• [WORK ORDER]: Word for word, transcribe the data below from the line with "秋と冬のかわいい笑顔のクマ暖" to the line with "23.02.04 오늘도 험한", keeping both of those lines.

- - -

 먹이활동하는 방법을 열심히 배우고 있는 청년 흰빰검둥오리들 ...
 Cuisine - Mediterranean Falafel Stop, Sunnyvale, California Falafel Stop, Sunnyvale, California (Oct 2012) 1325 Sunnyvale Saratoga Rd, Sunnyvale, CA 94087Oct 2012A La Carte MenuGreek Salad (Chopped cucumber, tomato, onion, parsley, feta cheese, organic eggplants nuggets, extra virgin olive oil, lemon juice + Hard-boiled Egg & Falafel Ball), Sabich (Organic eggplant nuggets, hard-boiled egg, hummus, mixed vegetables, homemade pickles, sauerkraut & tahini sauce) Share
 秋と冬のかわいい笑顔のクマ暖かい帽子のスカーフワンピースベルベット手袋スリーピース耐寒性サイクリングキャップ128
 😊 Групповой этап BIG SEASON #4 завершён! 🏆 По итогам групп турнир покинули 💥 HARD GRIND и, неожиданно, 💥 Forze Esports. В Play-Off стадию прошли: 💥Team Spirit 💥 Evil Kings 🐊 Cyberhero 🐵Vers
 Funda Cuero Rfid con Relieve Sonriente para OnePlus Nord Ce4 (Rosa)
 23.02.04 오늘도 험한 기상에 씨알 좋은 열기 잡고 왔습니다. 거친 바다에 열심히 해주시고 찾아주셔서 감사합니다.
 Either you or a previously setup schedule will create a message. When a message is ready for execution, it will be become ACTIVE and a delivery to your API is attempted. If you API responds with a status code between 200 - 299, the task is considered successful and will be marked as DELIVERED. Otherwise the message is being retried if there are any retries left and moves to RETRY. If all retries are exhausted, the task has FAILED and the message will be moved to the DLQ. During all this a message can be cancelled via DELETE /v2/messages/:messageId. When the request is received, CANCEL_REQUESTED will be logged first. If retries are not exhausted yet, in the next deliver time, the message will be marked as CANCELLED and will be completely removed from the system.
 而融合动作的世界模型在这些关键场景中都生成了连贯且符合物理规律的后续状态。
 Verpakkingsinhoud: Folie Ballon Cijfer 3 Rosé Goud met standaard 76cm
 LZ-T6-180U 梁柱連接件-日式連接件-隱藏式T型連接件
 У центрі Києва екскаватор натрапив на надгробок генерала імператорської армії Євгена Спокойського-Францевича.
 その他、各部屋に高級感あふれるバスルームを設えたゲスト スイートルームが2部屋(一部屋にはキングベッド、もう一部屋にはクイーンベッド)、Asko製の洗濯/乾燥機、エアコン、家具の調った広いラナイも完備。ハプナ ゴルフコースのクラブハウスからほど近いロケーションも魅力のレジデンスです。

- - -

• [TASK ANSWER]:
 秋と冬のかわいい笑顔のクマ暖かい帽子のスカーフワンピースベルベット手袋スリーピース耐寒性サイクリングキャップ128
 😊 Групповой этап BIG SEASON #4 завершён! 🏆 По итогам групп турнир покинули 💥 HARD GRIND и, неожиданно, 💥 Forze Esports. В Play-Off стадию прошли: 💥Team Spirit 💥 Evil Kings 🐊 Cyberhero 🐵Vers
 Funda Cuero Rfid con Relieve Sonriente para OnePlus Nord Ce4 (Rosa)
 23.02.04 오늘도 험한 기상에 씨알 좋은 열기 잡고 왔습니다. 거친 바다에 열심히 해주시고 찾아주셔서 감사합니다.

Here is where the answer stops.